The more things change…
by Alan Leavitt
The French are right: “Le plus ça change, le plus c’est la meme.” The more things change, the more they stay the same.
That was exactly the case on Hambletonian day at The Meadowlands. The transplanted Swedish horsemen showed their clout in both the stakes for 2-year-old trotters. Kilmister won the $337,000 Peter Haughton for Marcus Melander over his stablemate, Oh Well, and Instagram Model took the $335,000 Jim Doherty for 2-year-old trotting fillies.
But the two big dances went to the eccentrically hatted Jim Campbell, an Ontario native and long-time New Jersey resident. His longshot gelding Cool Papa Bell got a one-in-a-million drive from Todd McCarthy to win the Hambletonian, and his Fashion Schooner was sharp as a knife to win the Oaks.
So if you’re trying to make a decision about a trotting trainer, the answer is you won’t go wrong with either choice, North American or Swedish American. No one group or nationality has an exclusive on good horsemen.
What Hambletonian day also crystallized was the dominance of trotting sire Chapter Seven. If I had my druthers, I’d wish a less fraught name for such a great horse, but maybe a rose by any other name would actually smell just as sweet.
I do take some pride in Chapter Seven’s pedigree, as his tail male (or top line) grandsire is Conway Hall, whom my wife Meg and I bred. His great grandsire is Garland Lobell, bred by yours truly, and on back to Noble Victory, the first million dollar standardbred when I syndicated him in 1964, better known as the Ming Dynasty.
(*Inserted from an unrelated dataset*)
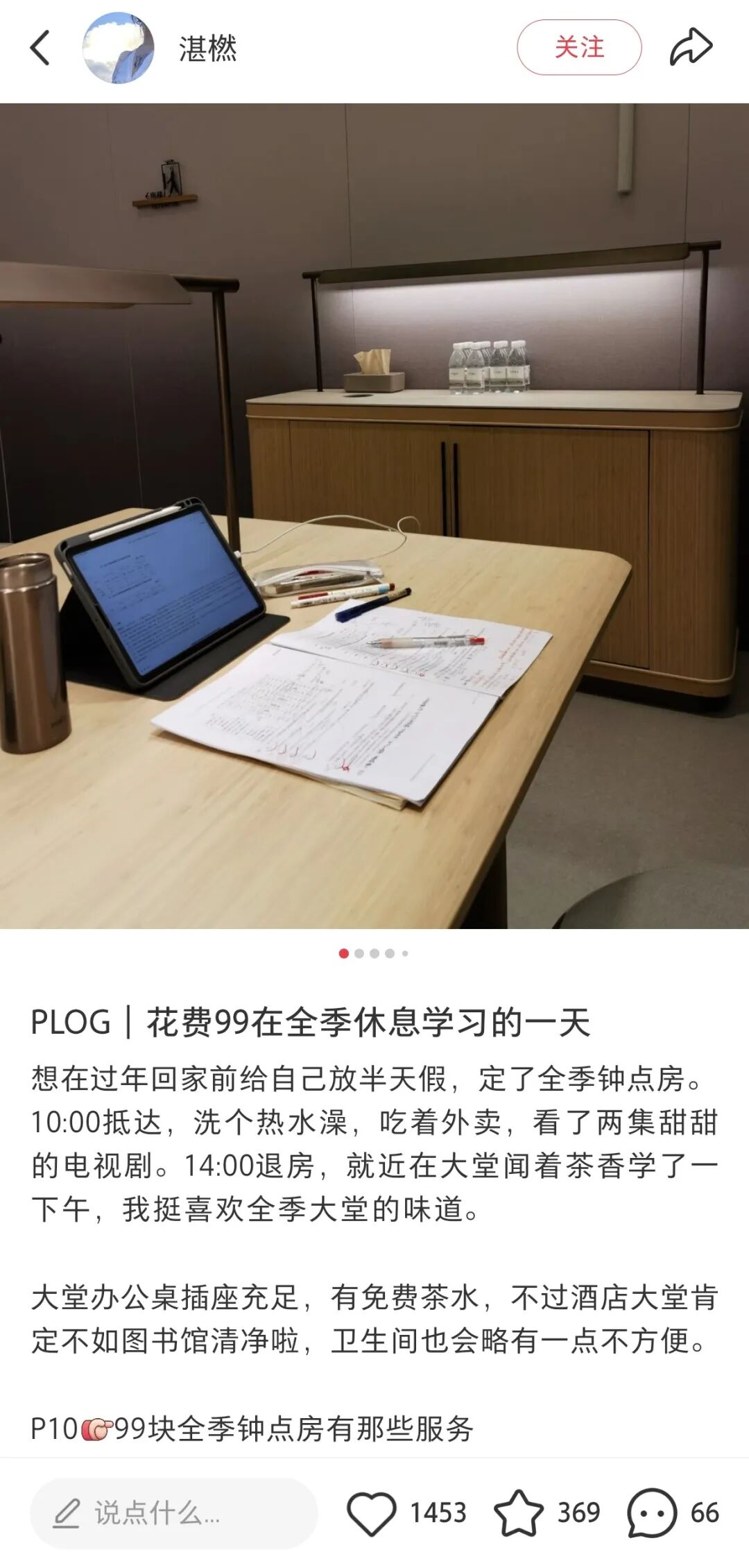 还有更绝的:考研二战学生长期租用白天时段复习;直播主播用来做临时直播间;穿搭博主用来拍换装视频;小团队用来做头脑风暴;甚至有公司用来做新员工面试场地。

Like a lot of trotters today, Chapter Seven has no close crosses in his pedigree. His first four generations have no duplicate names, making him technically an Outcross.
In case you forgot, when the sum of the generations in which the same name appears twice is six or less, that is defined as Inbreeding.
When the sum of the generations in which the same name appears twice is seven or eight, that is defined as Line Breeding.
When there is no common name that appears twice in the first four generations, that is technically defined as an Outcross.
Chapter Seven is an outcross, as are a great majority of the American Trotting breed today. What this means is there is no danger lurking ahead in the form of compromised stallion fertility, such as we experienced some 30 years ago.
What we lived through then was the result of inbreeding to the extent that the American trotter lost 17 per cent of its heterozygosity, or the variability factor. The first manifestation of that condition is the loss of stallion fertility, as all of us who struggled with sons and grandsons vividly remember.
Not only does Chapter Seven have a totally Outcross pedigree, so does his fast, gelding son Cool Papa Bell. (In case you don’t know your baseball, James Thomas Bell, aka Cool Papa, was a star of the Negro Baseball League. Because of his color, he never played in organized, white baseball. In 1974, he was elected to the Baseball Hall of Fame.)
Forgive a personal note here. I was thrilled for Todd McCarthy, a new friend, who maybe will do a redux next year with a colt I’m close to.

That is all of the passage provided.